**ACTION ITEM:**
In the copy, include no images. Reproduce the entries exactly.

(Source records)
________________________________________

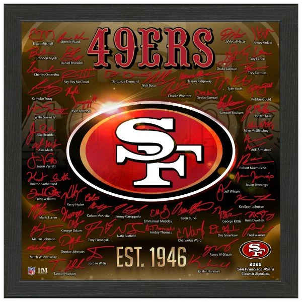 Der 33x33cm große Rahmen ist verglast und beinhaltet Bild von Team Logo und Spieler Unterschriften aus dem Roster 2022/2023.
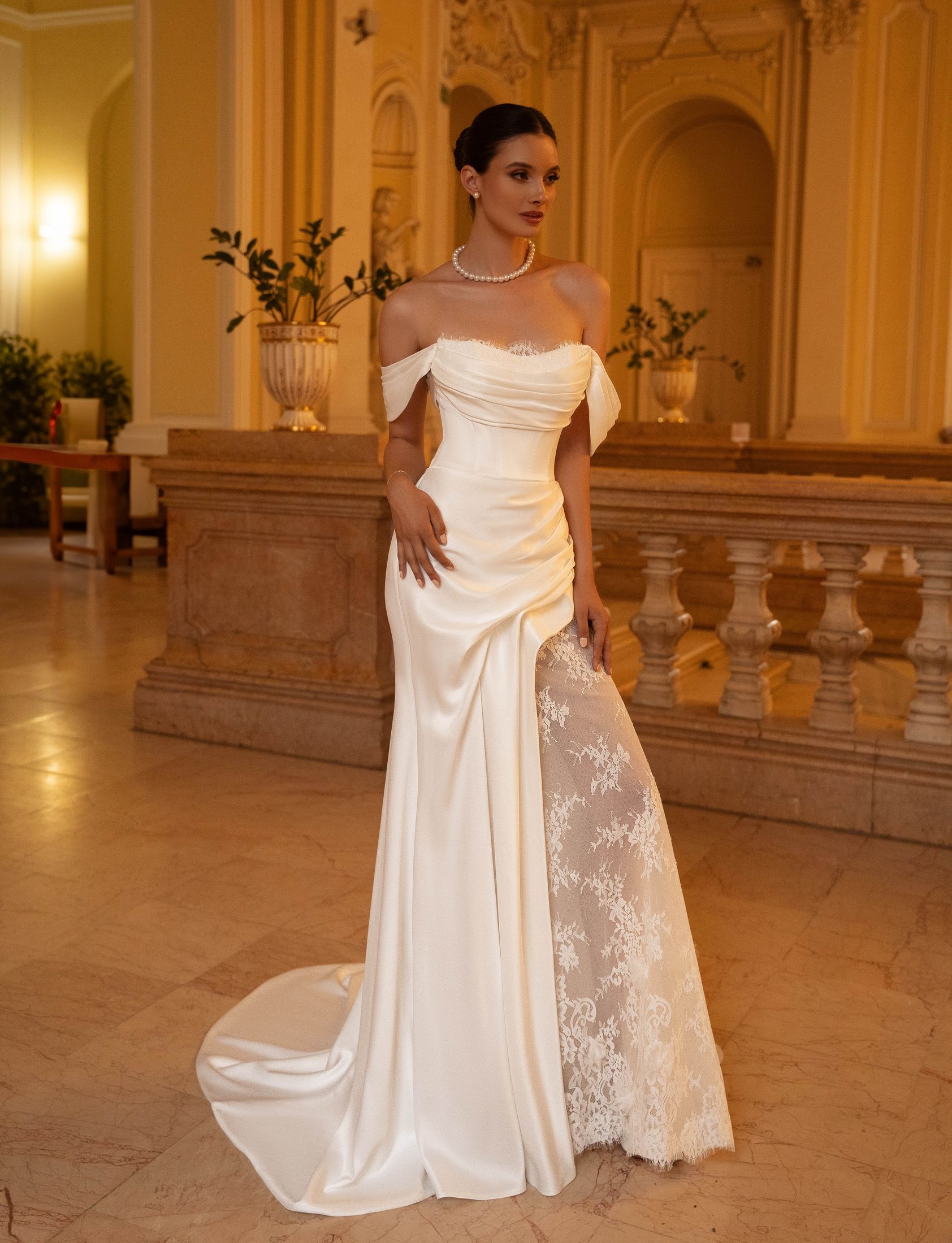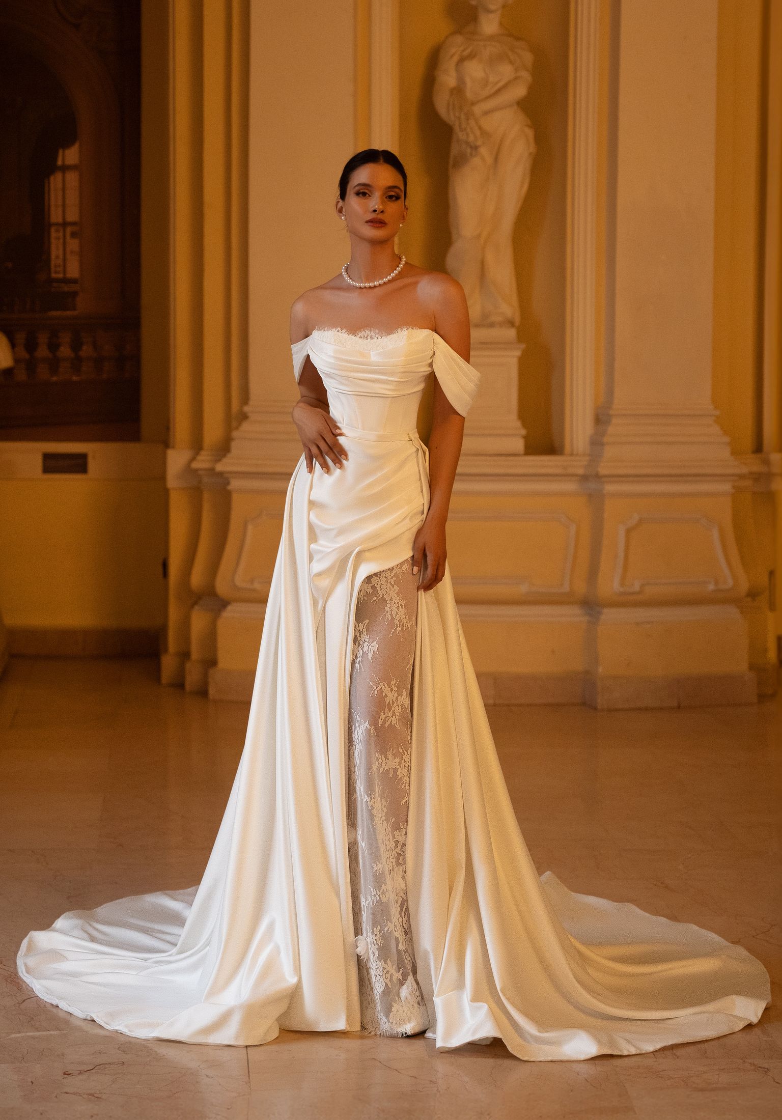 SKIRT: Fitted skirt, with lace insert, drapery and additional removable train
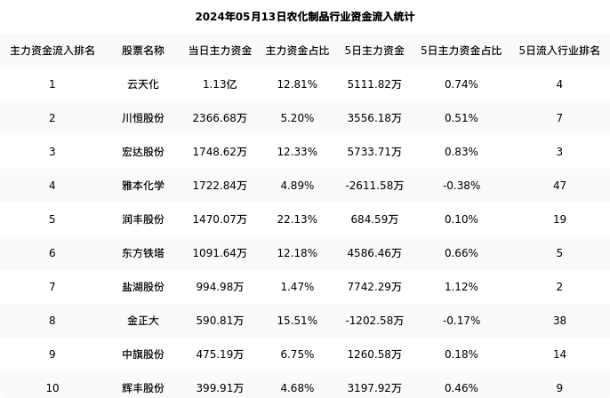从主力资金流向来看,农化制品行业今日主力资金流入25.27亿元,在所有申万二级行业中排名:111/131。
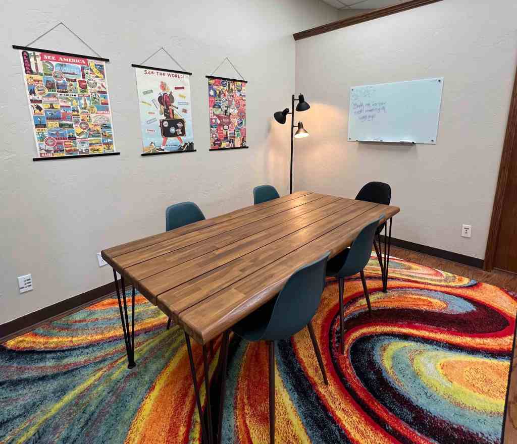 $35 per hour (1 hour minimum Monday – Friday, 8:30a – 9p) (2 hour minimum on weekends) Available as an add on to Wonder Room weekend bookings and is included in the Big Yay package. Need an all day meeting? Ask us about a day rate for additional savings or a recurring booking for a discount.
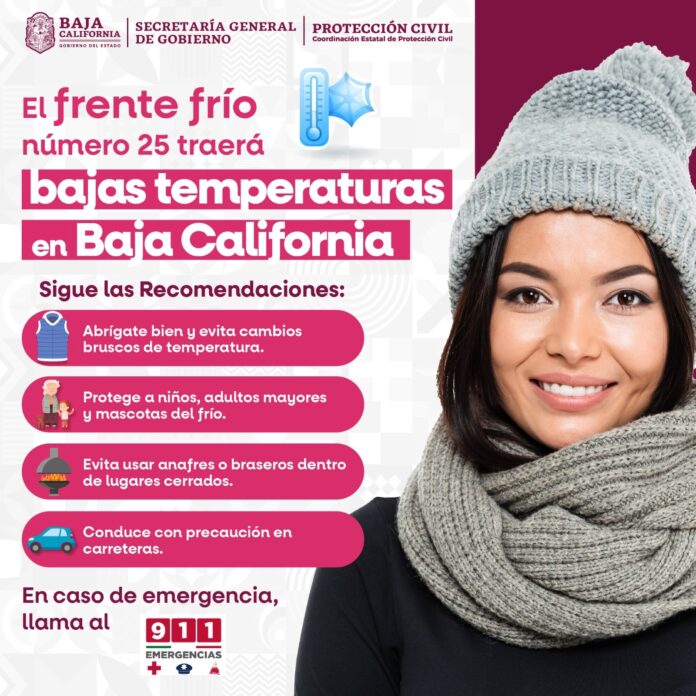 TIJUANA BC, 28 de enero de 2025.- La Coordinación Estatal de Protección Civil (CEPC) de Baja California informó que el frente frío número 25 afectará diversas regiones del territorio estatal, generando un ambiente frío a gélido, especialmente en las zonas montañosas. Este fenómeno estará acompañado de la posibilidad de caída de aguanieve en las sierras Juárez y San Pedro Mártir.
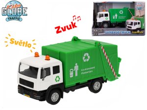 Popelářské auto na volnoběh, světelný a zvukový efekt, pohyblivé části, otevírací zadní část, popelnice součástí.
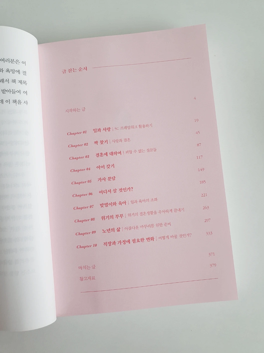 아무래도 워킹맘에 대한 고민이 크다 보니 가장 집중해서 읽은 부분은 일과 육아의 조화를 다루는 '7장. 맞벌이와 육아'였다. 이 챕터에서는 외벌이, 맞벌이 부부의 다양한 케이스를 설명해주는데 사실 어떤 형태든 남편과 아내 둘의 가치관이 서로 존중되고 대화를 통해 맞춰가는 것이 중요하다는 걸 보여준다. 주변 지인 부부만 해도 외벌이를 마땅하게 생각하는 경우, 맞벌이를 마땅하게 여기는 경우로 나뉘는 걸 보았다. 두 부부 모두 만족하며 살아가는 걸 보았을 때 우선순위 합의만 이루어지면 전혀 문제 될 건 없어 보였다. 우선 나는 워킹맘을 꿈꾸고 있으니, 이걸 원하거나 존중하는 배우자를 만나야 하는 건 분명하다. 이게 내 전략 중 가장 우선순위이지 않을까. 나는 배우자와 함께 육아는 물론 커리어 면에서도 함께 시너지를 이루고 언제나 응원과 지지를 보내주는 팀워크를 희망하고 있으니까!
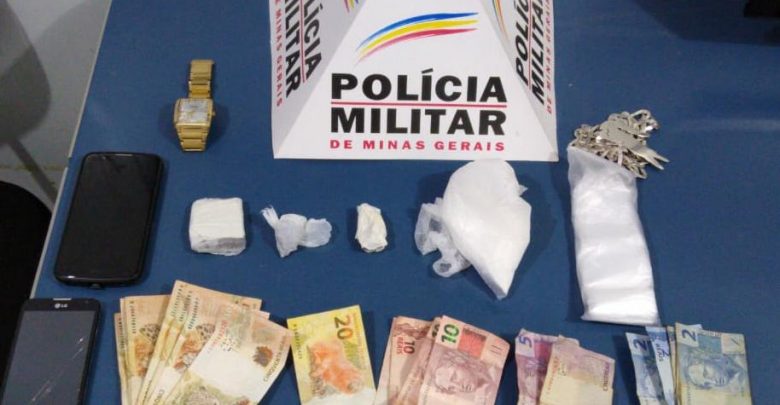 As equipes deslocaram até o local e durante as buscas foram localizados 03 tabletes de maconha, 01 porção de cocaína, R$ 432,00, 01 cordão, 01 relógio e material para embalar drogas.
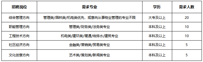我们寻找的目标人群2020届毕业生,专业不限,愿意投身物业服务行业。拥有强烈的学习意愿,愿意保持持续的学习状态。拥有强烈的目标导向,行动迅速,执行力强。能够承受压力,有百折不挠的奋进精神。
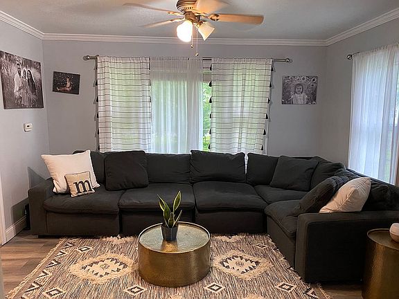 Cute little 2 bedroom, 1 bathroom (jack and Jill) home has a large patio with built in seating for entertainment, stamped patio, on a fenced in corner lot with a detached garage. Features canned lighting in kitchen and master bedroom, & crown molding throughout. Deck in 2011. Efficiency windows in 2010, siding in 2011. Flooring in kitchen and living room 2020. 217.823.9217
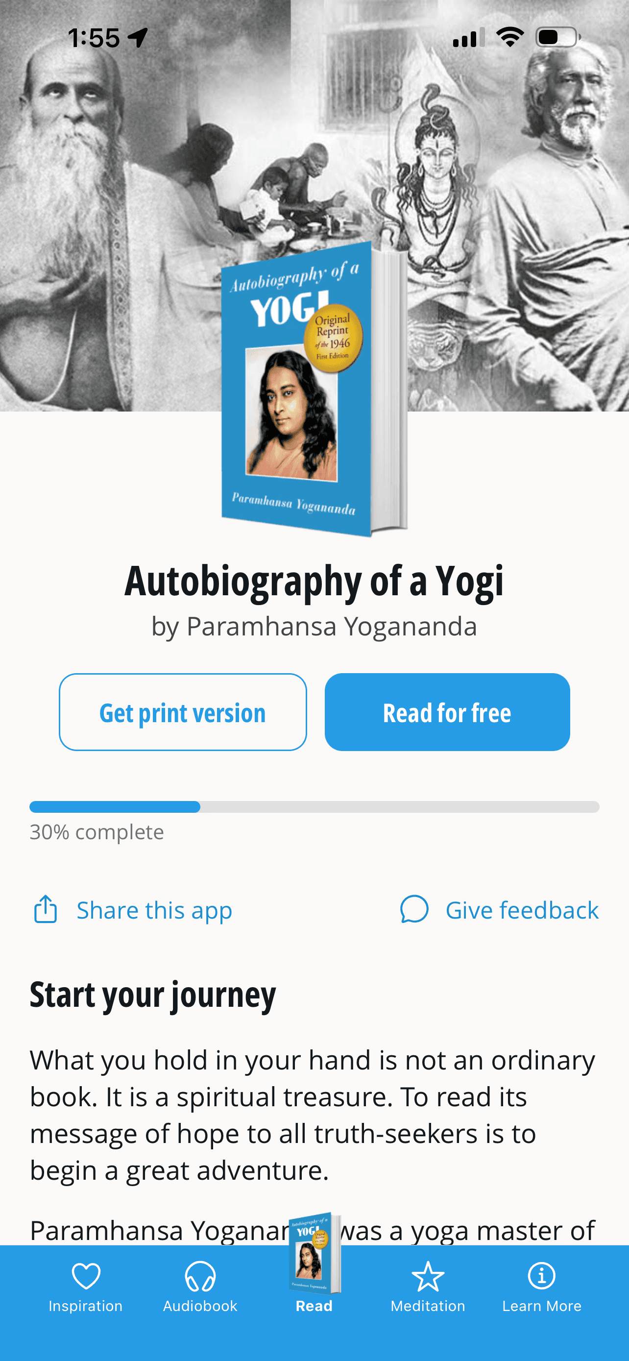This app is designed to share freely the entire work in its original edition, as an ebook and an audiobook. It also has resources to aid in a deeper study of the book and gateways to learn more about meditation and Ananda.
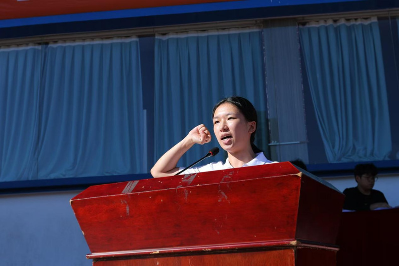 裁判员代表何语林老师、运动员代表周佳质同学随后相继上台宣誓。

________________________________________

**ANSWER AREA:**
 Der 33x33cm große Rahmen ist verglast und beinhaltet Bild von Team Logo und Spieler Unterschriften aus dem Roster 2022/2023.
 SKIRT: Fitted skirt, with lace insert, drapery and additional removable train
从主力资金流向来看,农化制品行业今日主力资金流入25.27亿元,在所有申万二级行业中排名:111/131。
 $35 per hour (1 hour minimum Monday – Friday, 8:30a – 9p) (2 hour minimum on weekends) Available as an add on to Wonder Room weekend bookings and is included in the Big Yay package. Need an all day meeting? Ask us about a day rate for additional savings or a recurring booking for a discount.
 TIJUANA BC, 28 de enero de 2025.- La Coordinación Estatal de Protección Civil (CEPC) de Baja California informó que el frente frío número 25 afectará diversas regiones del territorio estatal, generando un ambiente frío a gélido, especialmente en las zonas montañosas. Este fenómeno estará acompañado de la posibilidad de caída de aguanieve en las sierras Juárez y San Pedro Mártir.
 Popelářské auto na volnoběh, světelný a zvukový efekt, pohyblivé části, otevírací zadní část, popelnice součástí.
 아무래도 워킹맘에 대한 고민이 크다 보니 가장 집중해서 읽은 부분은 일과 육아의 조화를 다루는 '7장. 맞벌이와 육아'였다. 이 챕터에서는 외벌이, 맞벌이 부부의 다양한 케이스를 설명해주는데 사실 어떤 형태든 남편과 아내 둘의 가치관이 서로 존중되고 대화를 통해 맞춰가는 것이 중요하다는 걸 보여준다. 주변 지인 부부만 해도 외벌이를 마땅하게 생각하는 경우, 맞벌이를 마땅하게 여기는 경우로 나뉘는 걸 보았다. 두 부부 모두 만족하며 살아가는 걸 보았을 때 우선순위 합의만 이루어지면 전혀 문제 될 건 없어 보였다. 우선 나는 워킹맘을 꿈꾸고 있으니, 이걸 원하거나 존중하는 배우자를 만나야 하는 건 분명하다. 이게 내 전략 중 가장 우선순위이지 않을까. 나는 배우자와 함께 육아는 물론 커리어 면에서도 함께 시너지를 이루고 언제나 응원과 지지를 보내주는 팀워크를 희망하고 있으니까!
 As equipes deslocaram até o local e durante as buscas foram localizados 03 tabletes de maconha, 01 porção de cocaína, R$ 432,00, 01 cordão, 01 relógio e material para embalar drogas.
我们寻找的目标人群2020届毕业生,专业不限,愿意投身物业服务行业。拥有强烈的学习意愿,愿意保持持续的学习状态。拥有强烈的目标导向,行动迅速,执行力强。能够承受压力,有百折不挠的奋进精神。
 Cute little 2 bedroom, 1 bathroom (jack and Jill) home has a large patio with built in seating for entertainment, stamped patio, on a fenced in corner lot with a detached garage. Features canned lighting in kitchen and master bedroom, & crown molding throughout. Deck in 2011. Efficiency windows in 2010, siding in 2011. Flooring in kitchen and living room 2020. 217.823.9217
This app is designed to share freely the entire work in its original edition, as an ebook and an audiobook. It also has resources to aid in a deeper study of the book and gateways to learn more about meditation and Ananda.
 裁判员代表何语林老师、运动员代表周佳质同学随后相继上台宣誓。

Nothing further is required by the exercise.